Anumantha Kanthasamy

This is an interesting piece of news. Researchers at Iowa State University are believed to have discovered an essential key to possibly cure Parkinson’s disease.

Symptoms of Parkinson’s disease are believed to include trembling in hands, arms, legs, jaw, and face; rigidity or stiffness of the limbs and trunk; slowness of movement; and impaired balance and coordination. Since these symptoms become more distinct, patients could possibly have difficulty walking, talking, or completing other simple tasks.

It is estimated that Parkinson’s disease strikes nearly 50,000 people every year, and there are approximately 1 million people suffering from the disease. In addition, Parkinson’s sufferers are known to include actor Michael J. Fox and former boxing champion Muhammad Ali. Because the disease usually affects people over the age of 50, the National Institutes of Health anticipates the incidence of Parkinson’s may perhaps increase as the nation’s population ages.

Researchers Anumantha Kanthasamy, W. Eugene and Linda R. Lloyd Endowed Chair in Neurotoxicology at the ISU College of Veterinary Medicine are believed to be working in order to understand the complex mechanisms of the disease for more than a decade. Also, they seem to have found hope for the cure.

Parkinson’s disease sufferers appear to lack an adequate amount of a brain chemical called dopamine. This latest Kanthasamy’s research shows that there seems to be a specific protein that is naturally present in human brains that for no known reason kills the brain cells that create dopamine. Supposedly, the cells that are being killed are the ones that produce the required dopamine.

“We have millions of cells in our brains. In Parkinson’s, about 10,000 of these brain cells die; no one knows why,” says lead researcher, Anumantha Kanthasamy, a distinguished professor of biomedical sciences at the Iowa State University College of Veterinary Medicine.

The researchers were noted to have discovered a novel protein also known as protein kinase-C (specifically PKCδ) which kills the dopamine-producing cells. Furthermore, they seem to have found a compound that neutralizes the cell-killing kinase-C and allows the dopamine-producing cells to be alive and functioning.

Kanthasamy further said that, “With a lot of hard work, and little bit of luck, we found something important. And when you find something like this you say, ‘This is great because it can be a target for developing new drugs.’”

Presently, Kanthasamy’s group appears to be examining additional compounds that can serve to neutralize protein kinase-C. By identifying more compounds that perform the function of neutralizing kinase-C, researchers are expecting to locate one that functions well and has few side effects. Apparently, this discovery is expected to provide novel treatment options in order to stop the progression of the disease or even cure it.

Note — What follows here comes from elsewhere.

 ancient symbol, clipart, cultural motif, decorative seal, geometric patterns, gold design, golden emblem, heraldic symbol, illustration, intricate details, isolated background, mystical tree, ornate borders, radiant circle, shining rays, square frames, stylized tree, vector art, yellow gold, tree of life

“Once we find the compound, we need to make sure it’s safe. If everything goes well, it could take about 10 years, and then we might be able to see something that will truly make a difference in the lives of people with this disorder,” explains Kanthasamy.

According to Kanthasamy as people grow older, the cells that produce dopamine seem to naturally die thereby causing dopamine levels to fall gradually over time. When the levels continue to drop below 60 to 70 percent, the person may possibly start to have Parkinson’s disease symptoms.

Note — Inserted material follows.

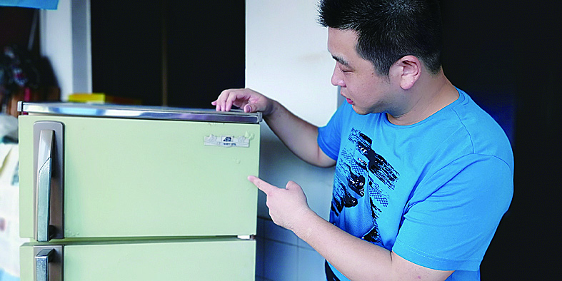 ▼熊鑫抚摸着家中这台白云牌冰箱,像在介绍一位老朋友
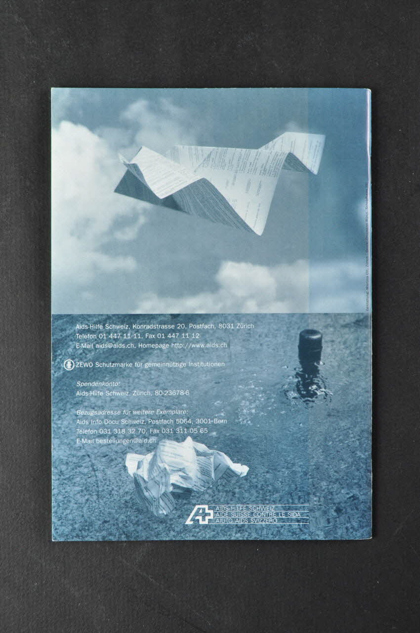 La quatrième de couverture est également divisé en deux parties. En haut, photo en gris d'un ciel avec nuages dans lequel vole l'avion de papier. En bas, photo en gris d'un papier administratif froissé sur le sol. Sont imprimés en caractères blancs, les coordonnées de l'association. Les pages intérieures présentent un fond blanc, impression en noir. En marge, des remarques, des exemples, des encarts et des points importants en bleu. Huit photos noir et blanc en bas de page gauche présentant avec humour des formulaires en cornet, avion, piétinés, en éventail, bourrant des chaussures, lavant des vitres, jouet d'enfant, petit bateau.Inscriptions

“Everybody has a little Parkinson’s in theory. But you can’t see it until the level of dopamine gets too low,” he continues.

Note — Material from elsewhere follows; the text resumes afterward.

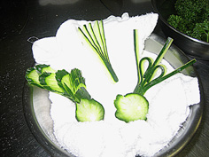 飾りきゅうり等で見た目も綺麗に。完成!! 奥が山で次に里があり、手前の海に流れるイメージを描いて盛り付けると美しい!! |

It was observed that eliminating the symptoms of Parkinson’s disease doesn’t need people to be restored to 100 percent of earlier dopamine levels, but only to a fraction of that. If one can bring dopamine up to the 40-50 percent level, one will perhaps see a functioning, normal person.

At present, there appears to be no cure for Parkinson’s and existing therapies only treat the symptoms. The research stated that major causative factors for getting Parkinson’s disease include prolonged exposure to metals or pesticides and other environmental chemicals.